Conventional approaches to simulate matches have ignored that in basketball the dynamics of ball movement is very sensitive to the lineups on the court and unique identities of players on both offense and defense sides. In chapter 2, we propose the simulation infrastructure that can bridge the gap between player identity and team level network. We model the progression of a basketball match using a probabilistic graphical model. We model every touch event in a game as a sequence of transitions between discrete states. We treat the progression of a match as a graph, where each node represents the network structure of players on the court, their actions, events, etc., and edges denote possible moves in the game flow. Our results show that either changes in the team lineup or changes in the opponent team lineup significantly affects the dynamics of a match progression. Evaluation on the match data for the 2013-16 NBA season suggests that the graphical model approach is appropriate for modeling a basketball match.
NBA teams value players who can ``stretch'' the floor, i.e. create space on the court by drawing their defender(s) closer to themselves. Clearly, this ability to attract defenders varies across players, and furthermore, this effect may also vary by the court location of the offensive player, and whether or not the player is the ball handler. For instance, a ball-handler near the basket attracts a defender more when compared to a non ball-handler at the 3 point line. This has a significant effect on the defensive assignment. This is particularly important because defensive assignment has become the cornerstone of all tracking data based player evaluation models. In chapter 3, we propose a new model to learn player and court location specific offensive attraction. We show that offensive players indeed have varying ability to attract the defender in different parts of the court. Using this metric, teams can evaluate players to construct a roster or lineup which maximizes spacing. We also improve upon the existing defensive matchup inference algorithm for SportVU data.
While the ultimate goal of the offense is to shoot the ball, the strategy lies in creating good shot opportunities. Offensive play event detection has been a topic of research interest. Current research in this area have used a supervised learning approach to detect and classify such events. We took an unsupervised learning approach to detect these events. This has two inherent benefits: first, there is no need for pretagged data to learn identifying these events which is a lobor intensive and error prone task; second, an unsupervised approach allows us to detect events that has not been tagged yet i.e. novel events. We use a HMM based approach to detect these events at any point in the time during a possession by specifying the functional form of the prior distribution on the player movement data. We test our framework on detecting ball screen, post up, and drive. However, it can be easily extended to events like isolation or a new event that has certain distinct defensive matchup or player movement feature compared to a non event. This is the topic for chapter 4.

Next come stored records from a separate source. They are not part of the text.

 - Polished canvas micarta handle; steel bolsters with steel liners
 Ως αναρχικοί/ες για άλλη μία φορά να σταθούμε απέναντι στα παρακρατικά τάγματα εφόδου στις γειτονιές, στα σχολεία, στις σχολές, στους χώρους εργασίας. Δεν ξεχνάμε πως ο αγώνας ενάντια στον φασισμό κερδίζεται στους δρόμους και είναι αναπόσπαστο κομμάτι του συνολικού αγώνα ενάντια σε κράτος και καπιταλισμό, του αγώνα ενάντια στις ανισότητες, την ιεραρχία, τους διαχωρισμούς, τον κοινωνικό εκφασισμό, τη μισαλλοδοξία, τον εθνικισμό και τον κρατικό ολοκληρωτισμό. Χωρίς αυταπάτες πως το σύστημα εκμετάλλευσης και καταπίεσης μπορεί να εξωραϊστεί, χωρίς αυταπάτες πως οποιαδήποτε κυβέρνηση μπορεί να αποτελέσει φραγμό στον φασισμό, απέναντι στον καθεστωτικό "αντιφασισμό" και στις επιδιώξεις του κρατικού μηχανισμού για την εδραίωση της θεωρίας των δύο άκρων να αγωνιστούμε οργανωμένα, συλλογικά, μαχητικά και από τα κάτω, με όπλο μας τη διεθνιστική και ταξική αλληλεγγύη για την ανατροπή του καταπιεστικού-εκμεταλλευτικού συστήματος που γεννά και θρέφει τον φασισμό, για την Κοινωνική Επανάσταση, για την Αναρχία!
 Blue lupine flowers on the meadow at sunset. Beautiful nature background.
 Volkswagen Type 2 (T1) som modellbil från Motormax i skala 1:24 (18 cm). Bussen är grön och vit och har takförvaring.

Accurate estimation of the offensive and the defensive abilities of players in the NBA plays a crucial role in player selection and ranking. A typical approach to estimate players' defensive and offensive abilities is to learn the defensive assignment for each shot and then use a random effects model to estimate the offensive and defensive abilities for each player. The scalar estimate from the random effects model can then be used to rank player. In this approach, a shot has a binary outcome, either it is made or it is a miss. This approach is not able to take advantage of the “quality” of the shot trajectory. In chapter 5, we propose a new method for ranking players that infers the quality of a shot trajectory using a deep recurrent neural network, and then uses this quality measure in a random effects model to rank players taking defensive matchup into account. We show that the quality information significantly improves the player ranking. We also show that including the quality of shots increases the separation between the learned random effect coefficients, and thus, allows for a better differentiation of player abilities. Further, we show that we are able to infer changes in the player's ability on a game-by-game basis when using a trajectory based model. A shot based model does not have enough information to detect changes in player's ability on a game-by-game basis.

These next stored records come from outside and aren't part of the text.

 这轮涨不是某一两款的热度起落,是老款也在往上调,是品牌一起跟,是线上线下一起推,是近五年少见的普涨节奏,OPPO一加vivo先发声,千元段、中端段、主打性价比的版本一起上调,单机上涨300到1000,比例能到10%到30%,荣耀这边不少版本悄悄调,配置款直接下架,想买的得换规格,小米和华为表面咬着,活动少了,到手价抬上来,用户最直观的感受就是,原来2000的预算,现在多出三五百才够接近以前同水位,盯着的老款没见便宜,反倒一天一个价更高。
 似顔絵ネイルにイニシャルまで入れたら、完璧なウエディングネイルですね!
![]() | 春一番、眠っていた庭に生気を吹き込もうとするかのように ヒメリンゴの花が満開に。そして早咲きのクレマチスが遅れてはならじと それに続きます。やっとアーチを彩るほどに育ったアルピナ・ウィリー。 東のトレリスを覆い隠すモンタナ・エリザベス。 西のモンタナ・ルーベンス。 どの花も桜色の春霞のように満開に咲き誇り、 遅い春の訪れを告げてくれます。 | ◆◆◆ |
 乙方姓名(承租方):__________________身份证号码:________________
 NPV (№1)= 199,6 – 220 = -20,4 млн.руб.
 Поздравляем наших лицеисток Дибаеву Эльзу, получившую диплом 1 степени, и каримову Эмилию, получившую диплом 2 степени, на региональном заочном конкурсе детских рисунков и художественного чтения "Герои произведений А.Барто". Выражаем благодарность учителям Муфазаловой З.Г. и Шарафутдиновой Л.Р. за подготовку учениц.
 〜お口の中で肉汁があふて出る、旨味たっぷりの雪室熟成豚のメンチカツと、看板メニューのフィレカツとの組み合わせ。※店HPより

A good defensive player prevents its opponent from making a shot, attempting a good shot, making an easy pass, or scoring events, eventually leading to wasted shot clock time. The salient feature here is that a good defender prevents events. Consequently, event driven metrics, such as box scores, cannot measure defensive abilities. Conventional wisdom in basketball is that ``pesky'' defenders continuously maintain a close distance to the ball handler. A closely guarded offensive player is less likely to take or make a shot, less likely to pass, and more likely to lose the ball. In chapter 6, we introduce Defensive Efficiency Rating (DER), a new statistic that measures the defensive effectiveness of a player. DER is the effective distance a defender maintains with the ball handler during an interaction where we control for the identity and wingspan of the the defender, the shot efficiency of the ball handler, and the zone on the court. DER allows us to quantify the quality of defensive interaction without being limited by the occurrence of discrete and infrequent events like shots and rebounds. We show that the ranking from this statistic naturally picks out defenders known to perform well in particular zones.
|
706 |
Exploring Data Quality of Weigh-In-Motion SystemsDai, Chengxin 24 July 2013 (has links)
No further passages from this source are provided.